The system re-calculates the new beat period at intervals and speculates the next beat location, and accordingly the system can determine whether or not the rhythm of the audio is stable. For example, in step S215 of FIG. 2, the system determines beat stability, namely determines whether or not the audio has a stable rhythm by retracing multiple beat locations for calculating multiple time differences among the adjacent beat locations.

Reference is made to FIG. 2. If it is determined that the rhythm is stable in step S215, a software method is incorporated to add the beat-prompting notes at the beat locations that are determined by the above steps (step S217). Through the output interface, the audio-processing circuit outputs the audio that is to be synthesized with the beat-prompting note added at each of the beat locations. Therefore, the audio having the audio frames with the beat-prompting notes can be outputted (step S219).

In one embodiment of adding the beat-prompting notes, after the next beat location is determined and the audio is determined to have a stable rhythm, the audio can automatically add beeps as the beat-prompting notes. Therefore, when the user randomly chooses one of the streaming videos, a function of enabling the beat-prompting notes is controlled to be activated in the device. The beat-prompting notes act as assistance for body rhythm or assistance for performance practice. After the function of enabling the beat-prompting notes is activated, the beat-prompting notes with a normal speed (e.g., adding the beat-prompting notes based on beats per minute (BPM)), the allegro beat-prompting notes (e.g., adding the beat-prompting note with double BPM), or the adagio beat-prompting notes (e.g., adding the beat-prompting notes with half BPM) are used as beats for an auxiliary sound effect.

Conversely, if it is determined that the rhythm of the audio is unstable in step S215 of FIG. 2, none of the beat-prompting notes is added, and the audio consisting of the audio frames (without the beat-prompting notes) can be directly outputted (step S221).

One of the embodiments of the above-described pre-processing procedure in step S207 of FIG. 2 can refer to the flowchart shown in FIG. 3. In FIG. 3, when the system receives an audio by a device (step S301), the audio is decoded (step S303). If the audio is a pulse-code-modulation (PCM) multi-channel audio, the audio is decoded to generate multi-channel audio frames f(t) (step S305).

The diagram shows that the output of an audio decoder is in units of audio frames on a time axis. Each time point on the time axis includes audio frames with one or more channels. Each of the audio frames is a digital audio in a form of pulse-code-modulation (PCM).

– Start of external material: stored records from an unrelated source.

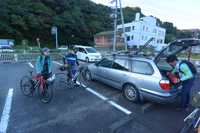 朝4時にお店出発、7時過ぎに白浜駅の横の駐車場に到着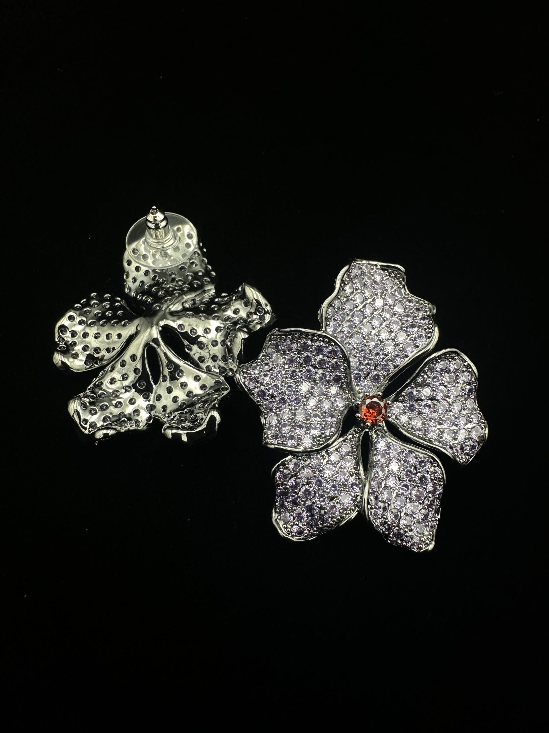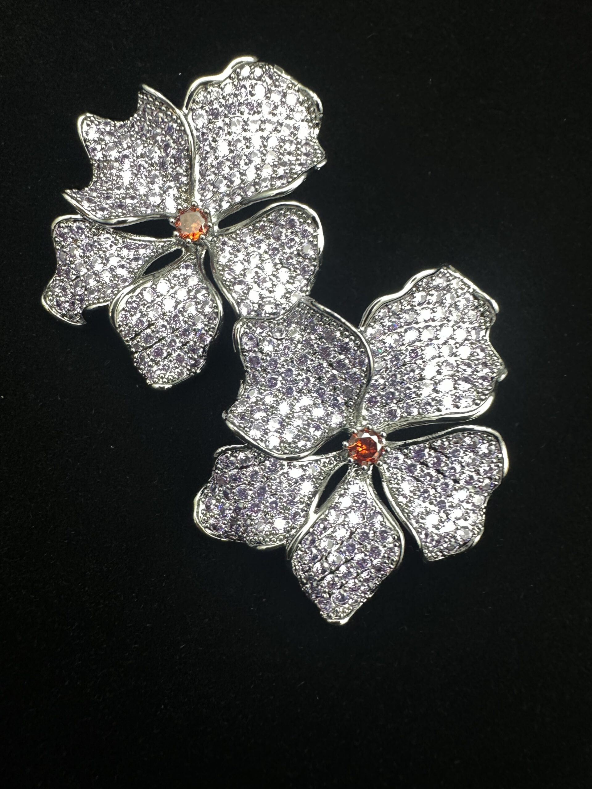 Diese zauberhaften Ohrringe präsentieren eine große Blüte in zartem Flieder, kunstvoll eingefasst in silberfarbene Elemente. Funkelnde Strasssteine setzen strahlende Highlights und lassen das florale Design lebendig wirken. Ein poetisches, elegantes Accessoire, das jedem Look eine sanfte, romantische Note verleiht.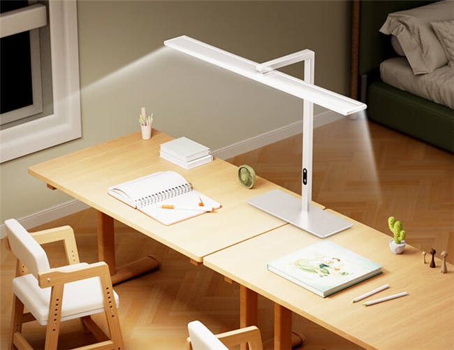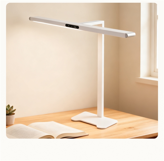 护眼技术优势:800mm大路灯,解决中国学生痛点这款灯创新性地采用800mm超长灯头设计,以应对中国学生桌面学习场景复杂、光照需求大的痛点。它实现了桌面全覆盖的无影照明,配合UGR≤13的防眩光等级,提供了极佳的用眼舒适度。

The digital audio can be expressed by the audio frames having f(0)ch(0), f(1)ch(0), . . . f(t)ch(0) in a channel 0 (ch(0)); f(0)ch(1), f(1)ch(1), . . . f(t)ch(1) in a channel 1 (ch(1)); and f(0)ch(m), f(1)ch(m), . . . f(t)ch(m) in a channel m (ch(m)).

Next, the multi-channel audio is converted to a mono-channel. In an aspect of the present disclosure, an averaging operation is performed on the digital signals of the audio frames at the same time, so as to form the mono-channel audio (f(0), f(1), . . . f(t)) used for real-time music rhythm analysis (step S307).

The second step of the pre-processing procedure described in step S209 of FIG. 2 can refer to the flowchart shown in FIG. 4. A basic formula for processing the audio is such as steps (a) to (g) depicted in Equation 1. The values shown in the formula are merely provided for illustration purposes, but are not to be construed as limiting the scope of the present disclosure.

The flowchart shown in the diagram can refer to Equation 1. The system firstly extracts mono-channel audio frames from an audio (step S401). If the sampling rate of the audio is 44,100, the audio is composed of 44,100 sampling points per second (step S403).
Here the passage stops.